Ghost Friends
Here is a peculiar story of ghosts and the concept of time. When you are young, you are probably close to being your most normal. You have had less delinquent influences, and unless your parents beat you, were probably optimistic about your chances of becoming a (fill in the blank) when you grew up. We all remember having friends when we were younger, and we used whatever was in front of us to have fun somehow.
The story goes that these two pilots met at a bar in an airport in Chicago, Illinois, while waiting for their flight back to Louisville, Kentucky. They were to share the flight. One would be the copilot, and the coming flight would be his first on this size plane. The other pilot was retiring after 30 years of flying, and it was to be his last flight.
“Are you nervous at all?” said the younger pilot to the older one.
“Shouldn’t I be asking you that?” said the seasoned pilot.
“I mean about retiring. Not being able to fly anymore.”
“I have flown my share, besides I have some other things that have caught my interest from traveling around the world.”
By hour 2 into this 6 hour layover, the pilots had exhausted most of their basic conversation talking-points, like how they both grew up in the same neighborhood in Kentucky, and both went to Kentucky University.
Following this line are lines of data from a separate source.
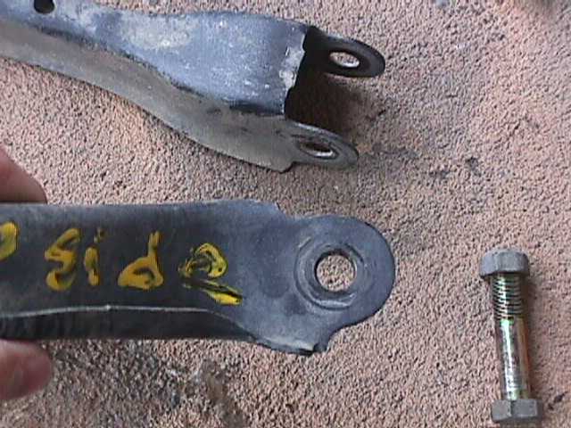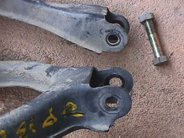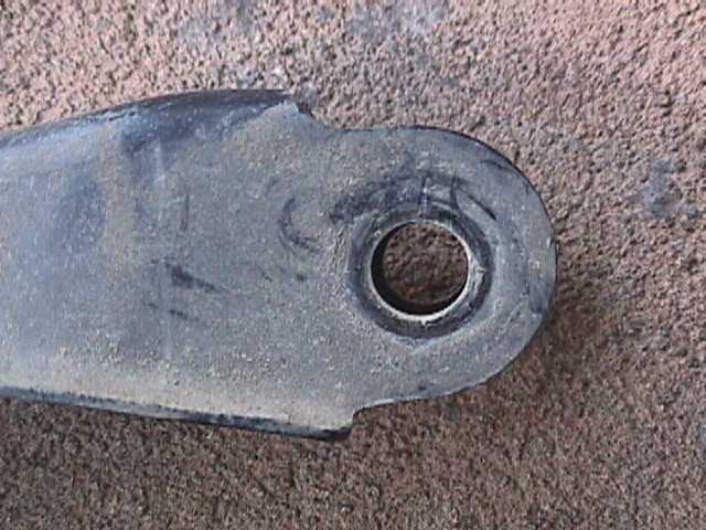 Most of the time when lowering a 240, at least with the S-13 body style you tend to have camber problems. Now if you go more than 1.5in, then you will probably need a fix for the rear. Camber is degree in which your tires contact the road, and if its not 0 or there about, you will get bad tire wear. The process to correct this is quite simple and really only involves either a good alignment shop or you and a plasma cutter. The upper control arm(the one the rear shock goes through) needs to have the hole where it connects with the back of your rear hub slotted out. Also the same thing must be done with the other upper control arm in order to allow your toe in to be set with the stock adjustment. The pictures below will help illustrate what I mean. SPECIAL THANKS to Kyle for taking these pics of his used set of control arms for us .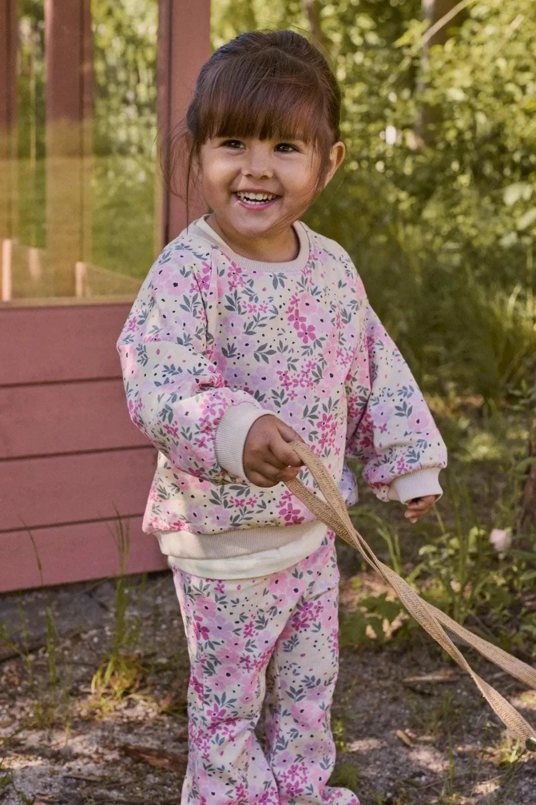 Sweatshirt från Name It med blommigt mönster i rosa och gröna nyanser på en beige botten. Sweatshirten har ribbade muddar och en ribbad kant nedtill.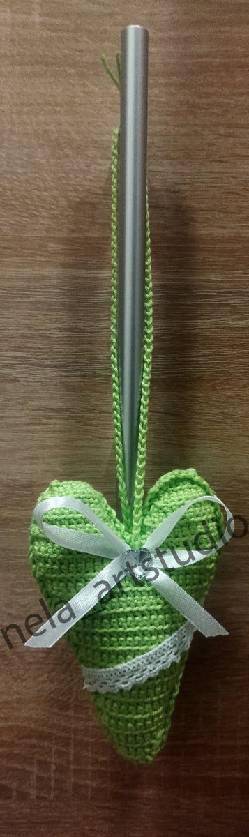 Ručně háčkované dekorační srdce na zavěšení v žlutozelené barvě! Ideální jako stylový doplněk vašeho interiéru nebo jako originální dárek.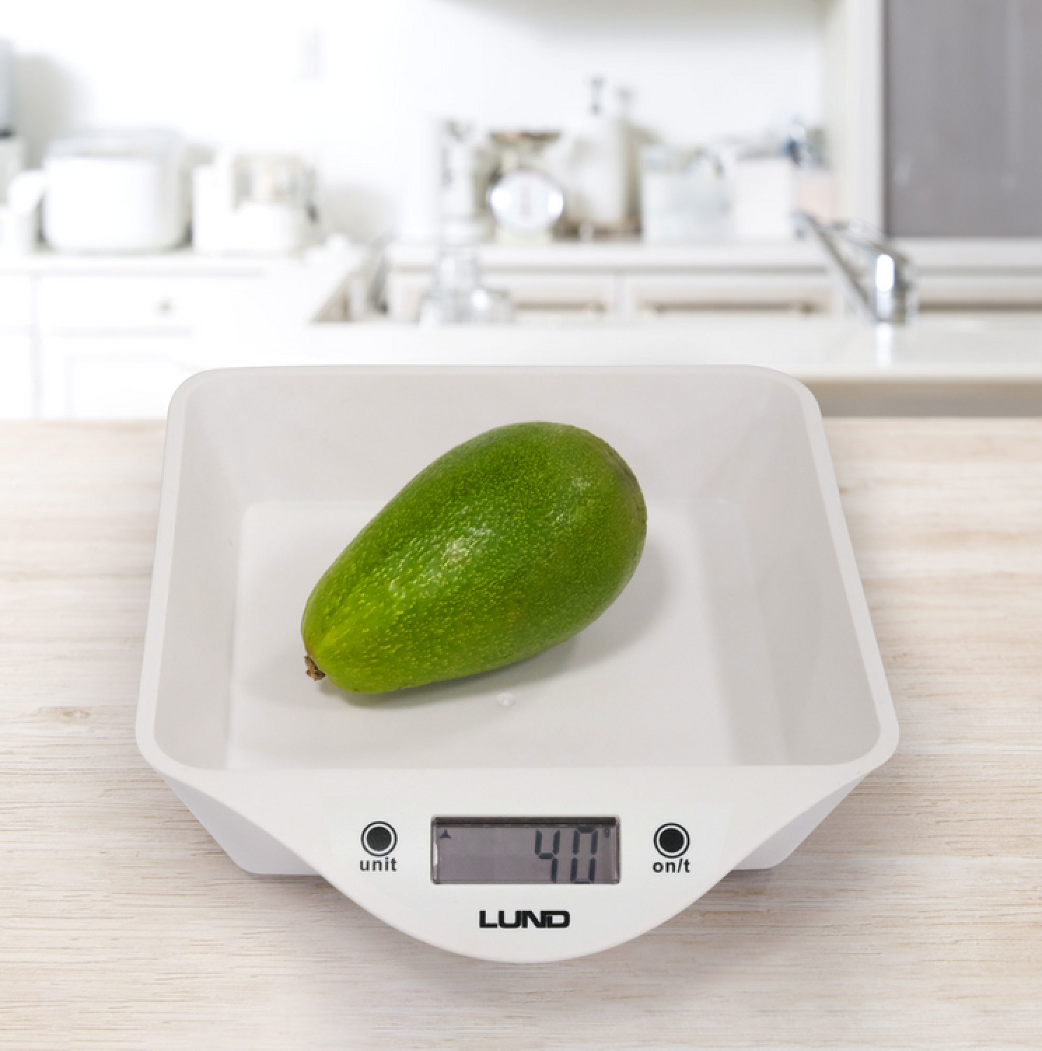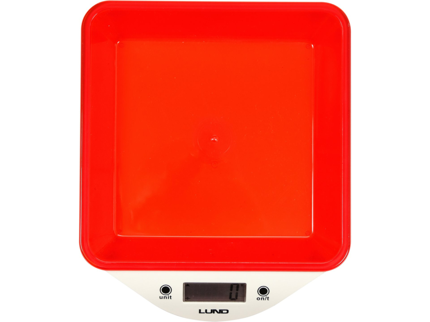 LUND köögikaal kausiga, mille kogumaht on 800 ml ja maksimaalne koormus 5000 g. Seade on varustatud kergesti loetava LCD-ekraaniga, kus kuvatakse 4 kaaluühikut, lisaks on olemas ülekoormuse ja madala aku taseme indikaatorid. Tootel on lisainfoainena eemaldatav kauss, mida saab pesta nõudepesumasinas.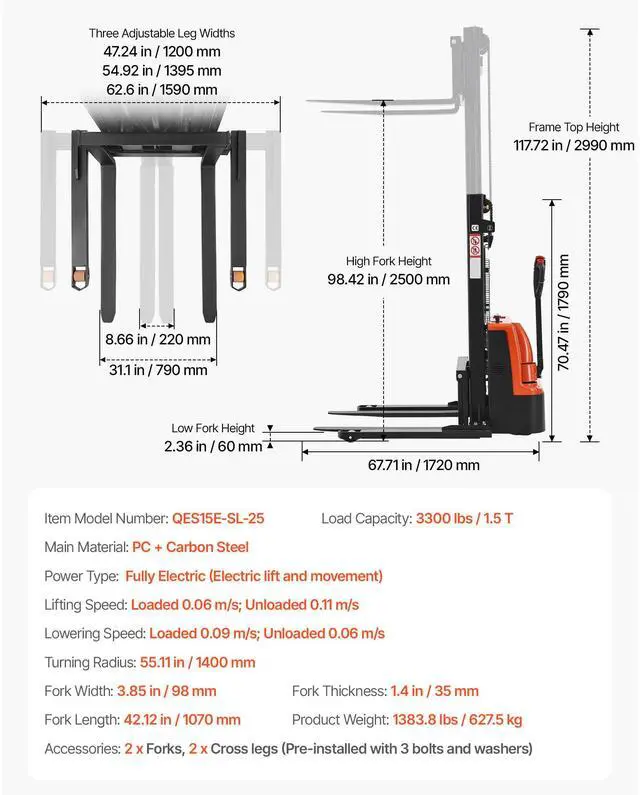 Fork Width Range: 8.66 - 31.1 in / 220 - 790 mm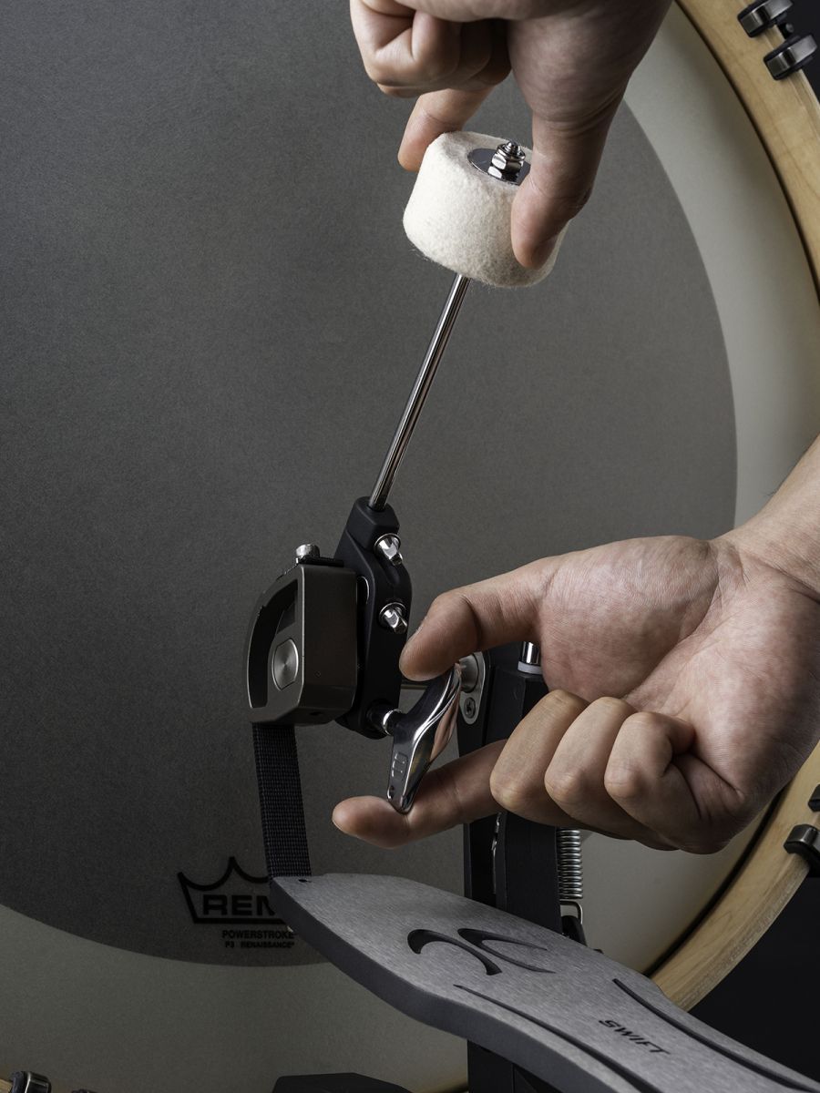 Mapex PDLSW1 — это инновационная педаль для бас-барабана с ременным приводом, разработанная с учетом потребностей современных барабанщиков. Модель входит в престижную серию Design Lab и представляет собой идеальное сочетание эргономики, надежности и производительности. Созданные для скорости, производительности и стиля, педали Swift Belt Drive обеспечивают молниеносную реакцию и точность. Благодаря передовым функциям Design Lab Hardware, эти элегантные педали предлагают непревзойденную выразительность и плавное, тонкое управление. Технические особенности и функции: - Лёгкая регулировка натяжения пружины несколькими поворотами, возможна даже во время коротких перерывов. - Усиленная конструкция шарнира с подшипниками обеспечивает сверхплавную и бесшумную работу и гарантирует долговечность. - Настройка угла наклона колотушки без влияния на угол подножки - гибкость для любого стиля игры. - Зажим для обода Easy Reach: регулировка положения обода одной рукой, универсальная фиксация ободов разных форм и размеров. - Быстросъёмный пружинный механизм: быстрая разборка для транспортировки, удобная установка перед выступлениями. Целевая аудитория: - Студийные и сессионные барабанщики: ценят стабильность, точность и плавность ременного привода в условиях записи. - Исполнители разных жанров: нуждаются в тонком динамическом контроле и чувствительности к лёгким прикосновениям. - Преподаватели и музыканты, ориентированные на технику: фокусируются на развитии контроля и артикуляции, а не на скорости. - Любители премиального оборудования: заинтересованы в инновационном дизайне и эксклюзивности первой ременной педали Mapex. В комплект входит чехол Smart-Form, который оснащен съемной уплотнительной подушкой для стабилизации педали во время транспортировки и удобной ручкой для комфортной переноски. Mapex PDLSW1 — это профессиональное решение для требовательных барабанщиков, которым важна надежность и стабильность работы педали. Благодаря инновационным технологиям и высококачественным материалам, эта модель обеспечивает превосходный отклик и долговечность в эксплуатации.

The older pilot, perhaps a little agitated with the endless waiting that goes along with flight travel blurted out, “you know it wasn’t even really my own idea to become a pilot.”
He told the younger pilot that a boy that he used to hang out with as a kid, gave him the idea. They would hang out at this huge tree in the woods and pretend it was a space ship. He said that the kid would go on and on about becoming a pilot. He was always the first one to go higher up the tree, and always would talk about new engine technology and modern aviation.
“You know I have a similar story,” the younger pilot noticed. He had met a kid when he was younger, whose fascination with planes gave him the idea of becoming a pilot.
“What happened to your friend? Is he a pilot?” the younger pilot asked the older one.
“No, actually on one of the days when I wasn’t there, I was at pop-warner football, that kid fell out of the tree and died. I never went back there again after that.”
The younger pilot thought back to try to remember his brief time together with the kid in the giant tree fort. Their descriptions of tree sounded the same, but there are a lot of trees. The young pilot had known the kid from the woods briefly, yet he, like his peer, had taken from the short friendship a desire for flying. Neither pilot could remember the kid's name, or anything specific about the way he looked. Who knows.
It is important to know, when dealing with great heights and steep drops, it is not the fall that will kill you, it is the sudden stop.